Renaud Sainsaxjlieu Centre de sociologie

des organisations, Paris.

POST-CONCLUSION En tant qu'enfant de la bourgeoisie moyenne, passé au collège et au lycée, puis

en faculté de sciences humaines, je me sentais au fil de ma lecture de La Reproduction progressivement « déterminé » à la prouesse laborieuse, car comprendre la pensée de Bourdieu et Passeron n'est pas une mince entreprise, quand on considère les multiples barrières de style qu'ils élèvent sur le passage harassé de leur lecteur. Je me suis souvent demandé, au plus fort de ma rage de comprendre le fil de leur pensée sociologique pourquoi ils la cachaient derrière une telle effervescence de vocabulaire : scolie, habitus, sociodicée, enculturation...

De même et sans exclure les très bonnes formules comme mortalité scolaire, survivant du système... je me suis heurté aux phrases où le même mot est répété intentionnellement 8 fois « acquérir », p. 145; 6 fois « force », p. 29; « manière », 4 fois en deux lignes p. 163... « que trahit le système d'enseignement lorsqu'il dévalorise les manières trop scolaires de ceux qui lui doivent leurs manières, désavouant par là sa manière propre de produire des manières »...

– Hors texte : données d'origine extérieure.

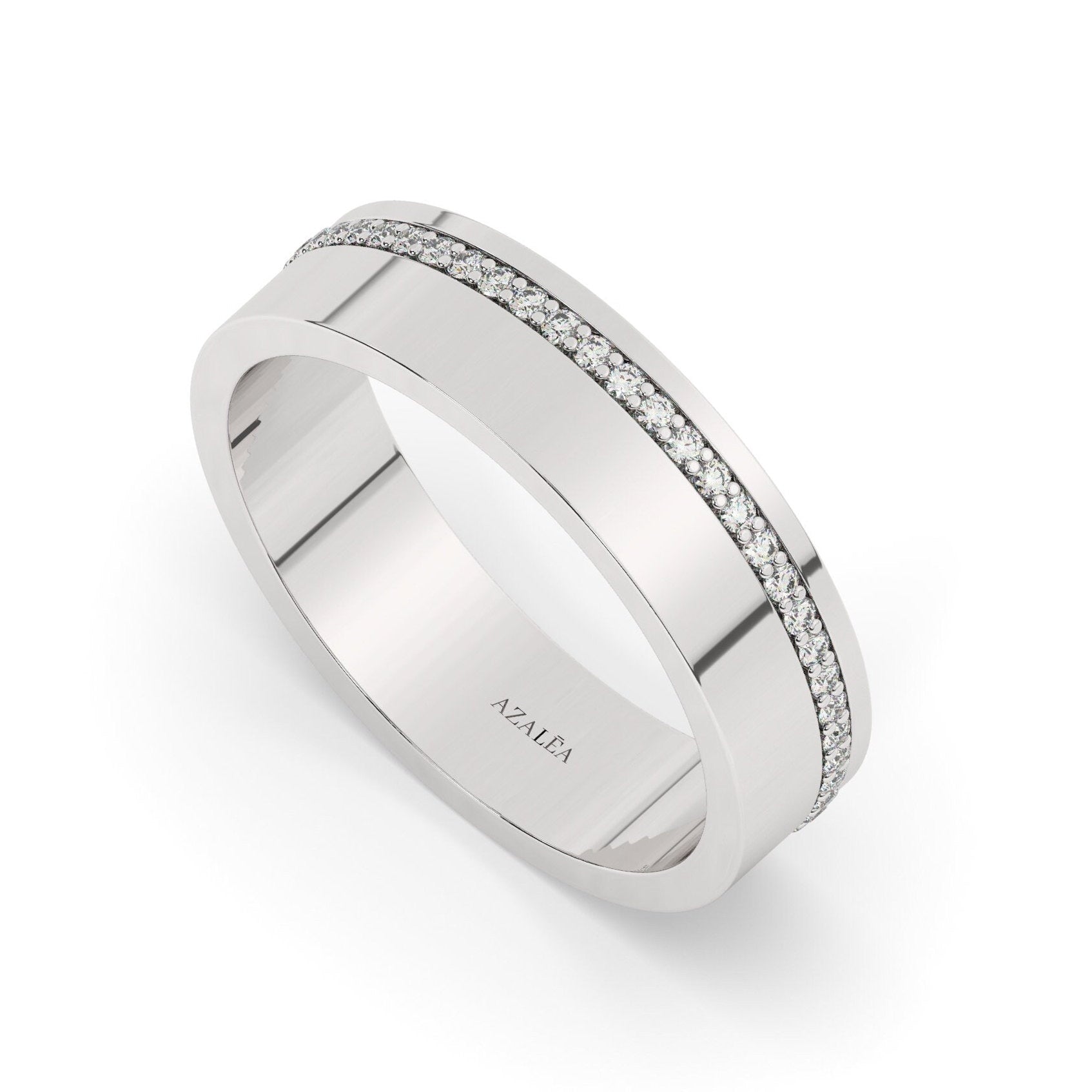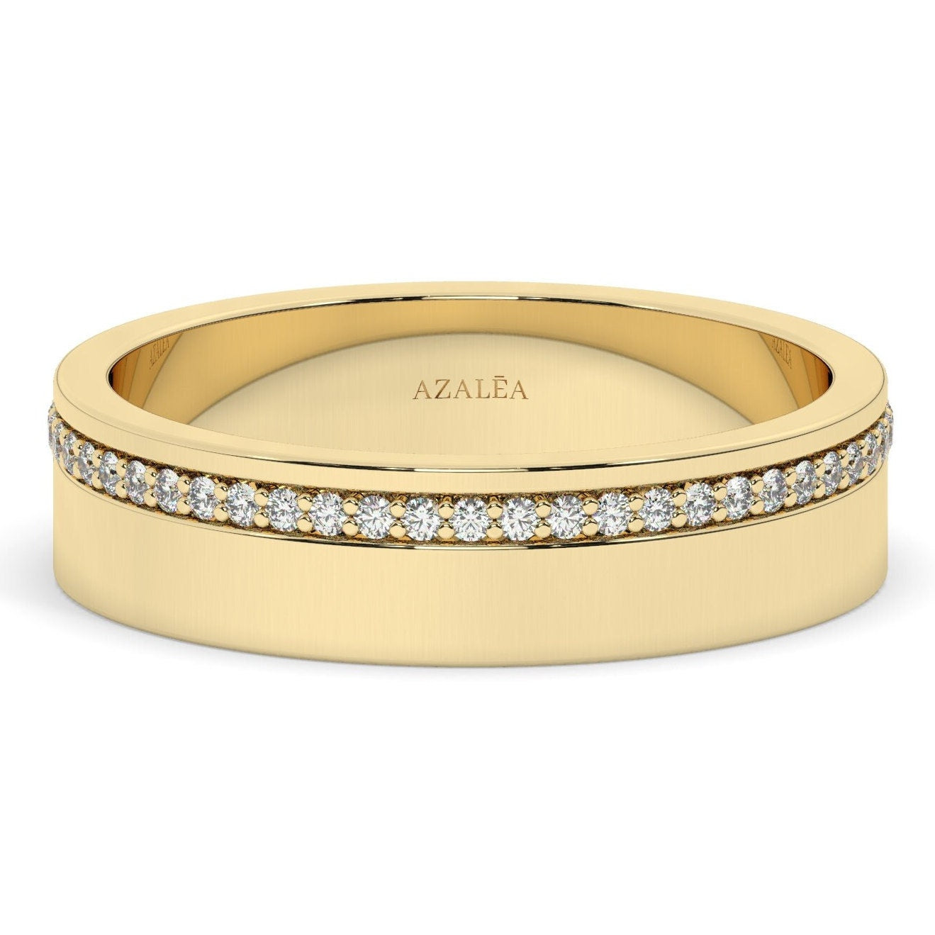 This 14k gold round diamond channel set wedding band has round diamonds situated along the band. This is a beautiful ring to wear alone or with stacking rings.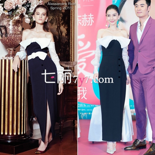 Angelbaby杨颖身穿AlessandraRich2015春夏系列黑白露肩纱袖礼服亮相新电影北京的发布会,一出现秒杀全场,下面一起来看看蝴蝶结连衣裙搭配图片,AB迷们不要错过啦!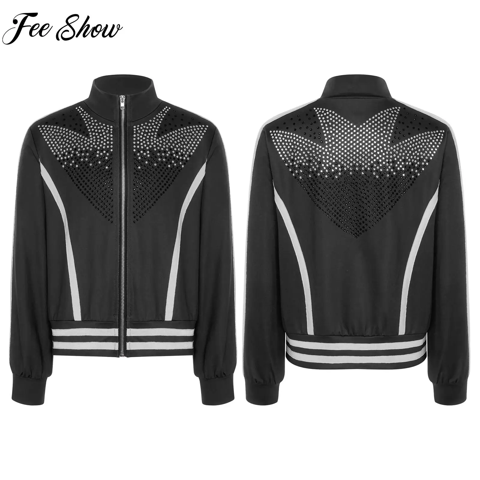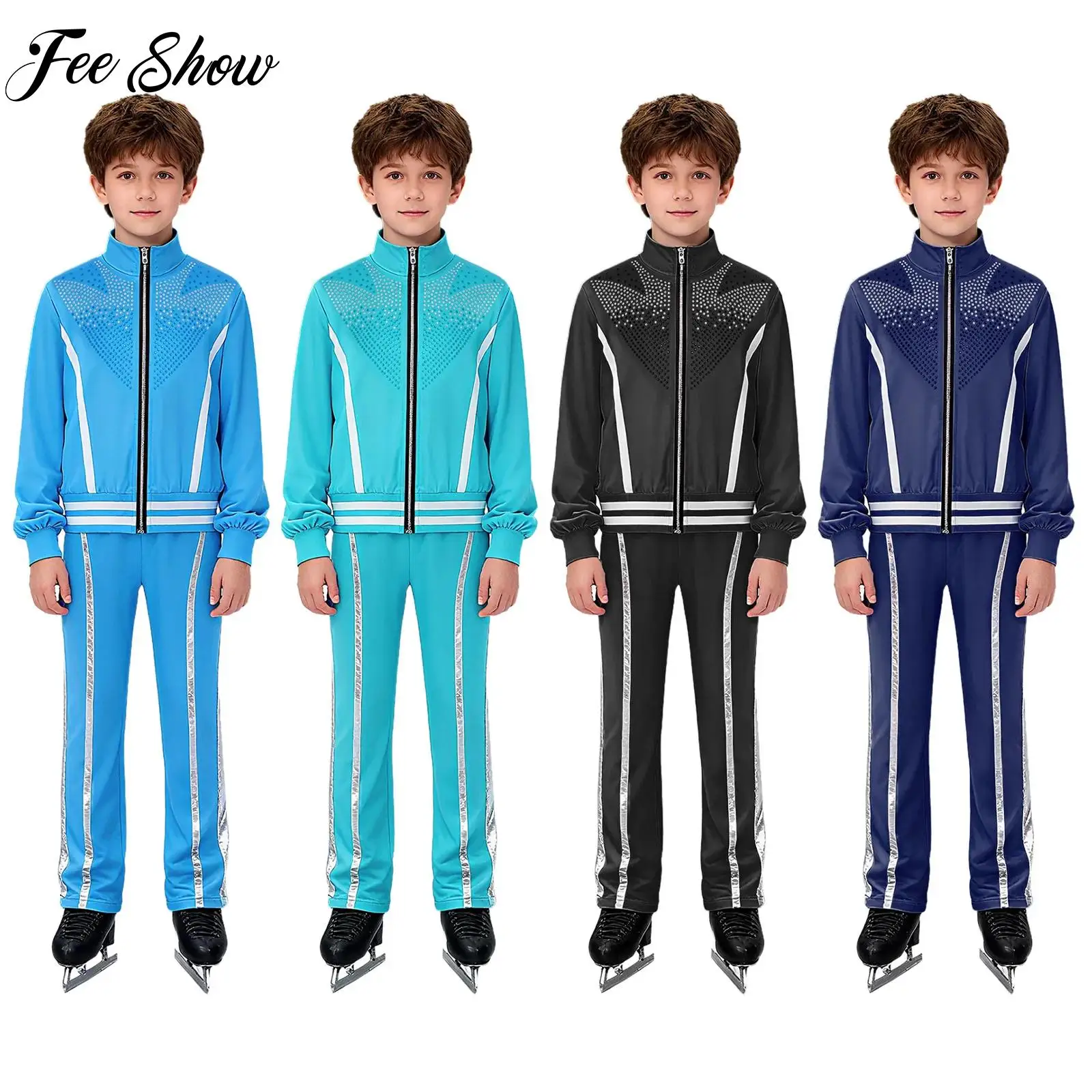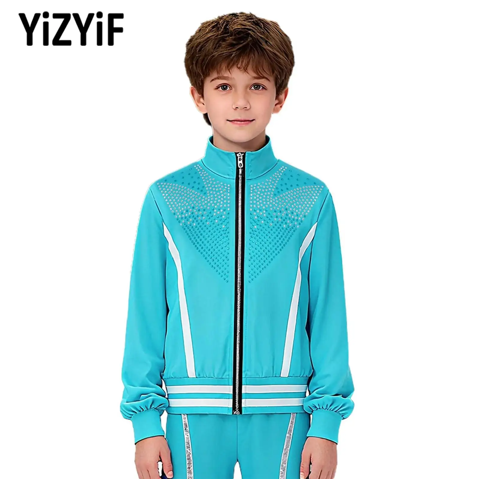 Children Boys Long Sleeve Figure Ice Skating Roller Skating Costume Shiny Rhinestones Zipper Jacket Top for Practice Performance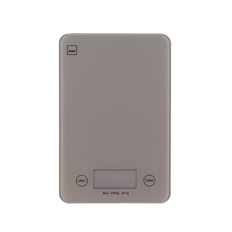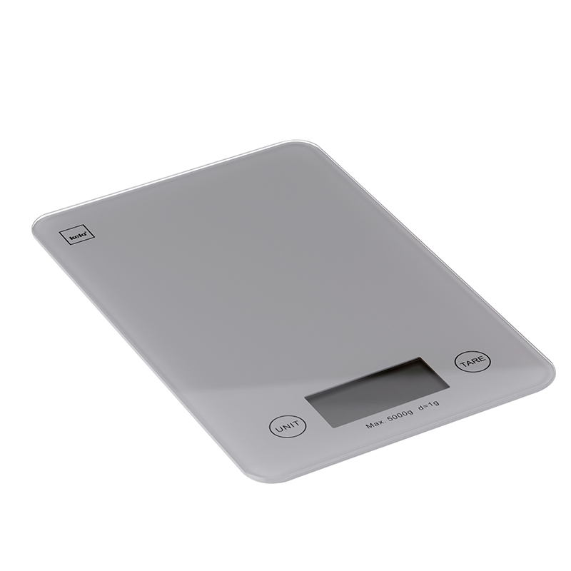 Küchenwaage aus Glas in der Farbe Opalgrau, Tragkraft 5 kg, mit 1-g-Feineinteilung, 15 x 23 cm, Höhe 1,5 cm, batteriebetrieben, (Lieferung mit Batterien)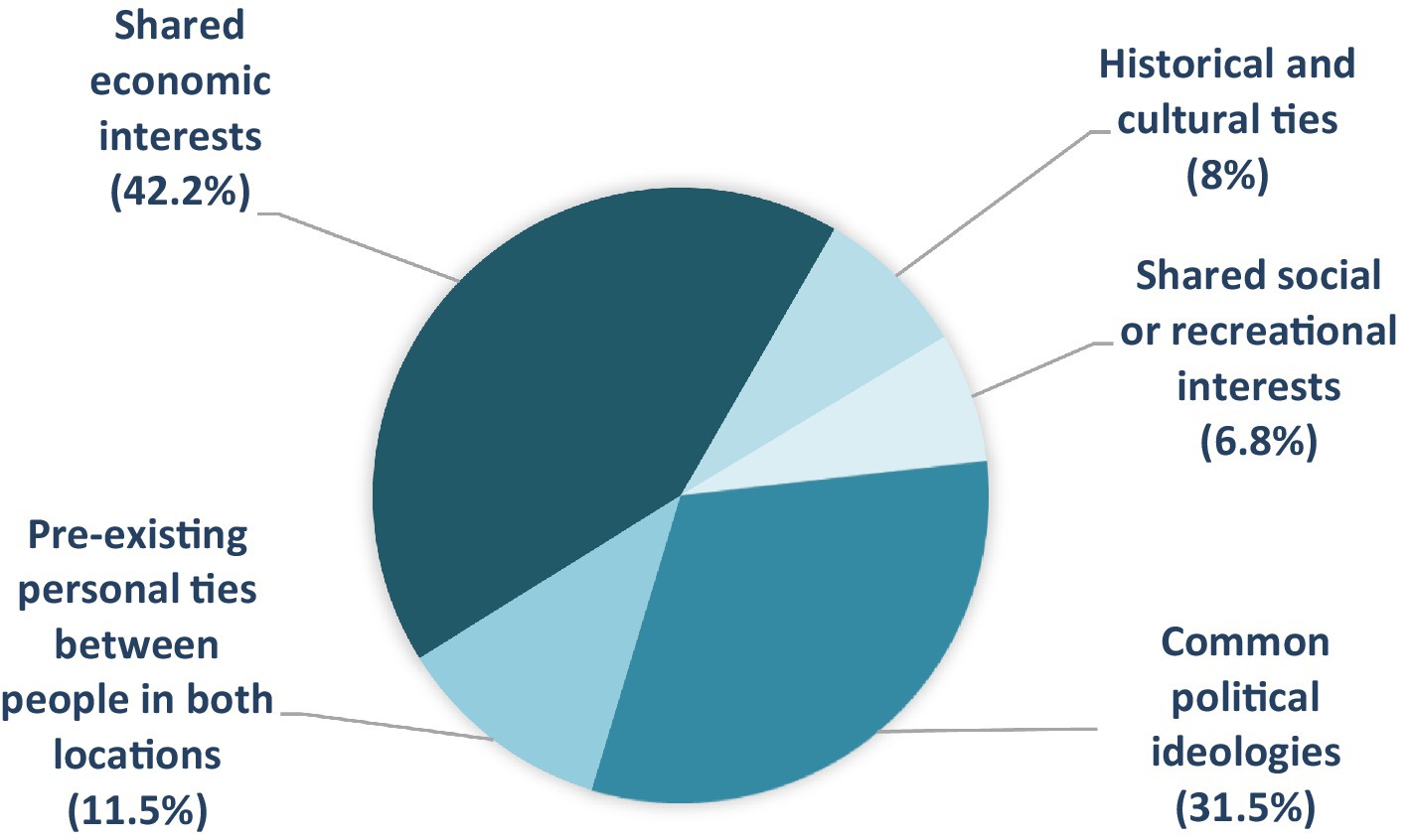 Pie chart showing factors influencing connections between subnational localities. Shared economic interests: 42.2%, common political ideologies: 31.5%, pre-existing personal ties: 11.5%, historical and cultural ties: 8%, and shared social or recreational interests: 6.8%.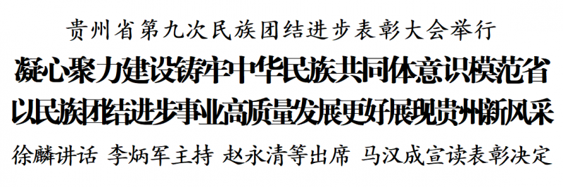 9月19日,贵州省第九次民族团结进步表彰大会在贵阳举行。省委书记徐麟出席并讲话,强调要进一步深入贯彻习近平总书记关于加强和改进民族工作的重要思想,深学笃用习近平总书记在贵州考察时的重要讲话精神,凝心聚力建设铸牢中华民族共同体意识模范省,以民族团结进步事业高质量发展更好展现贵州新风采。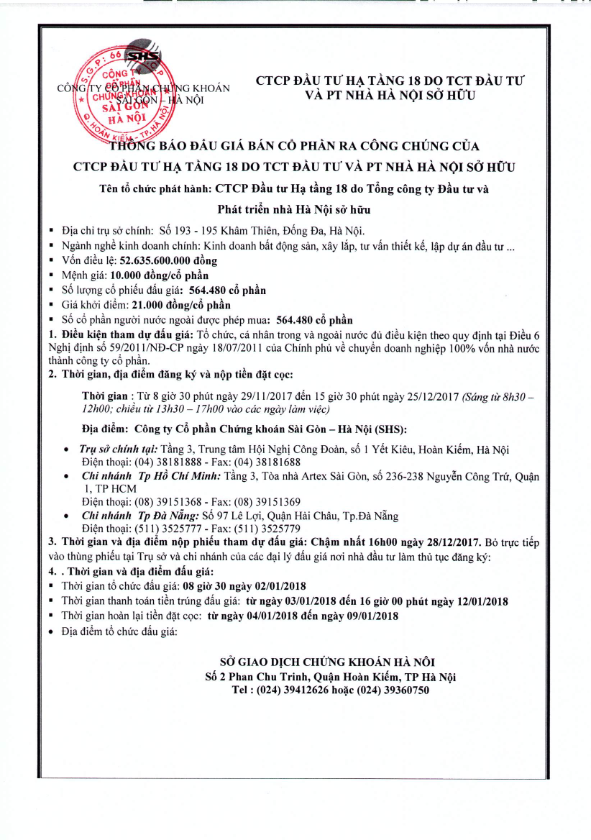 Thông báo đấu giá bán Cổ phần ra công chúng của CTCP Đầu tư hạ tầng 18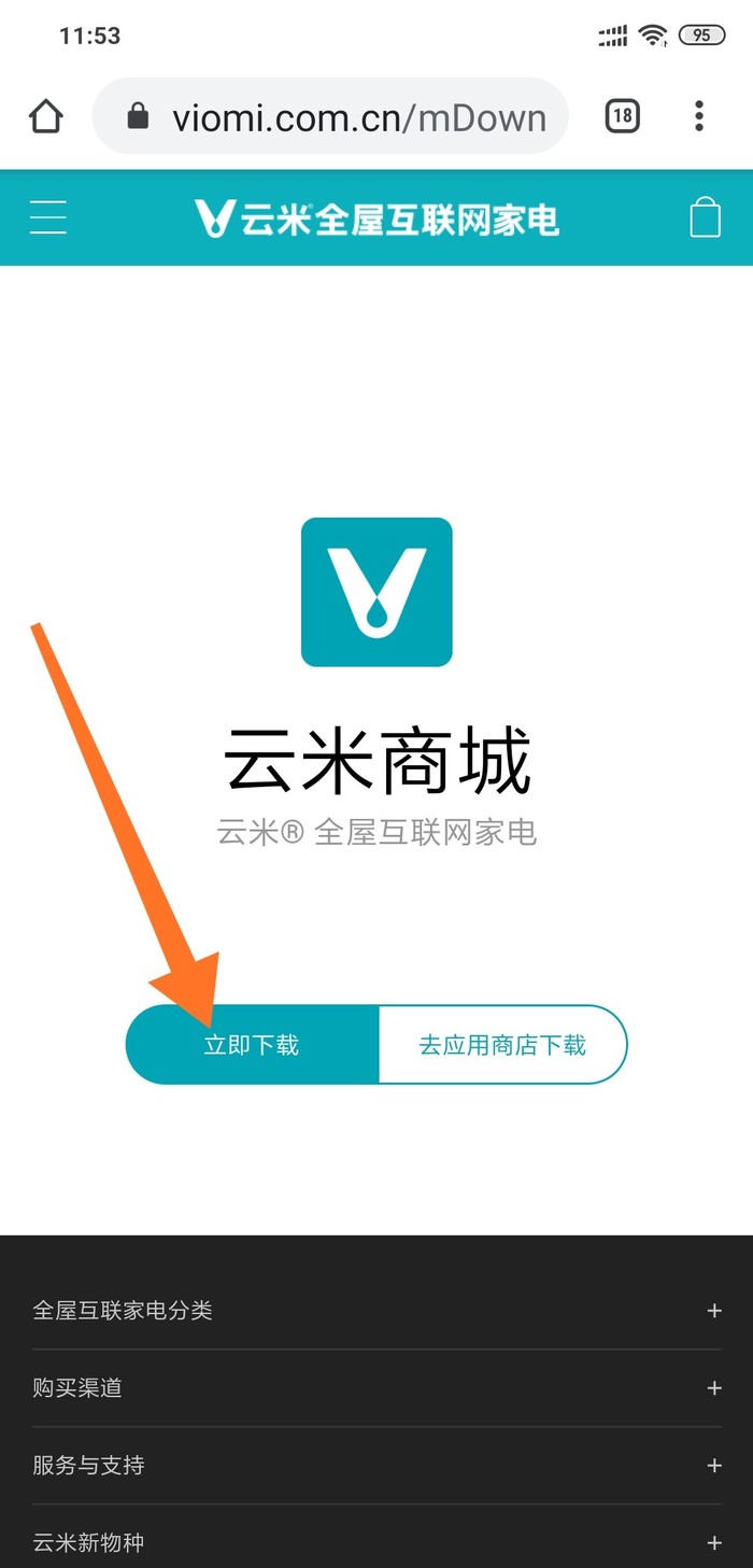 Покрутила чайник - на нем qr-код. Сканирование перебрасывает на какой-то китайский сайт. Гугл переводчик автоматически не перевёл страницу. Ссылка download говорит о том, что сейчас нужно будет что-то качать. Методом тыка можно выяснить, что под квадратом находятся кнопки загрузки. левая бирюзовая качает приложение для управления чудо-чайником. Правая качает какой-то китайский магазин. При загрузке приложения необходимо обратить внимание именно на логотип. Он должен совпадать с лого с сайта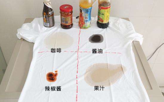 首先,在棉质T恤的四个位置均匀涂抹咖啡、酱油、辣椒油和果汁,待污渍充分附着在衣物上,将衣物放置于内筒中,并添加配重衣物和普通洗涤剂。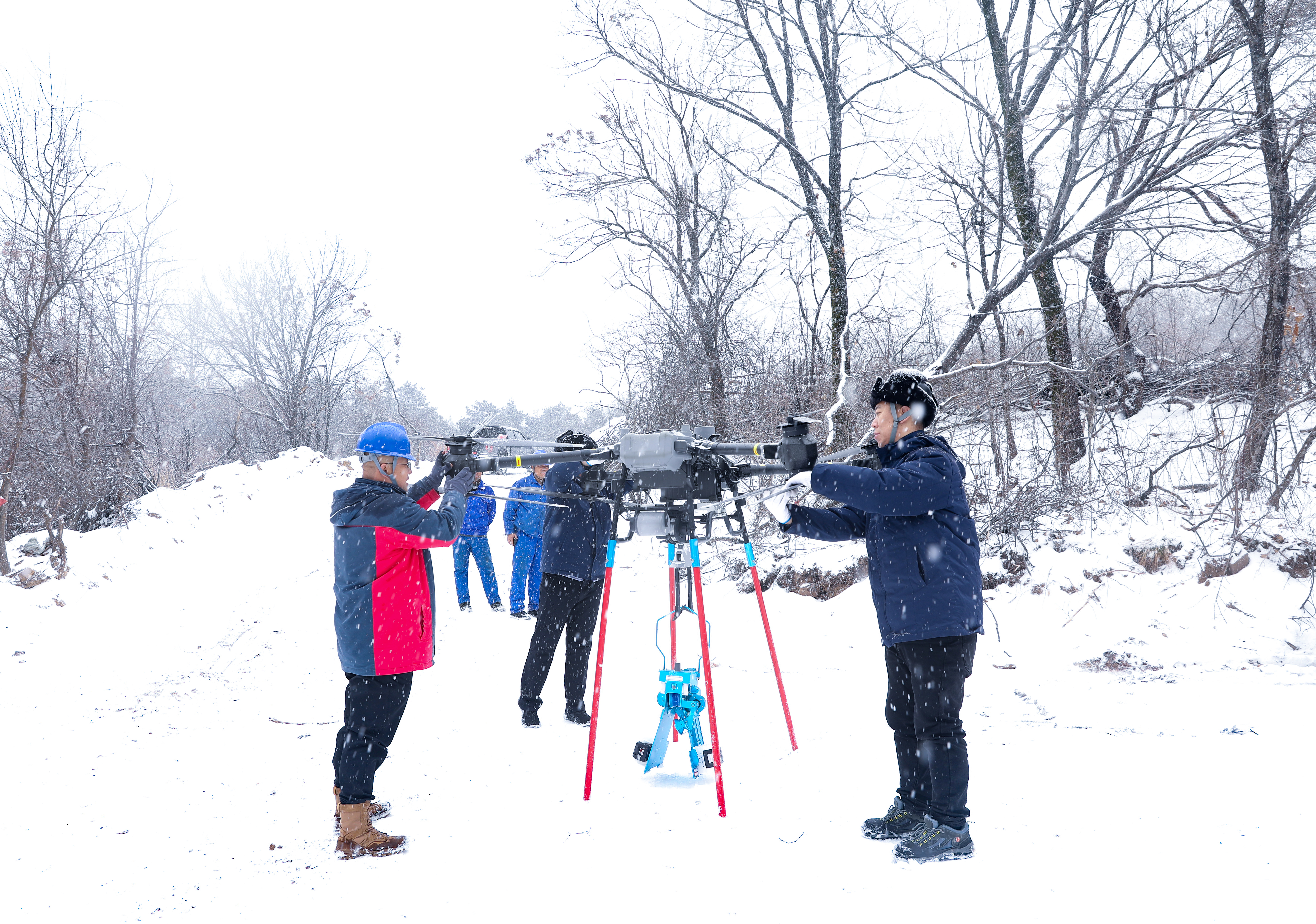防冰,是一場與時間的賽跑。盡管當(dāng)前積雪尚未達到緊急破冰程度,但在金剛嶺這樣的險峻地段,一場立體化防冰演練已在風(fēng)雪中展開。運維人員采用“人巡+機巡+機器人協(xié)同除冰”模式,同步開展特巡與實戰(zhàn)化除冰裝備演練。

Peut-être ont-ils voulu aider le lecteur à faire l'expérience concrète des facilités de classe, qui l'ont conduit à vivre l'école, puisque selon eux «l'aisance dans le maniement du langage peut aller jusqu'à la désinvolture lorsqu'elle est associée à la certitude de soi que procure l'appartenance à une catégorie privilégiée » (p. 148) . En tous les cas, un tel procédé de sursélection prolongée au delà de l'université ne suffit pas à convaincre de la reproduction totale du système.

Une critique approfondie du style des auteurs et ce qu'il révèle peut-être, de leurs motivations sociales et politiques a été faite par A. Prost dans la revue Esprit (n° 12-1970). Il ne me semble pas utile de revenir ici sur ce débat sauf pour prévenir à nouveau les lecteurs que La Reproduction est un ouvrage difficile à lire.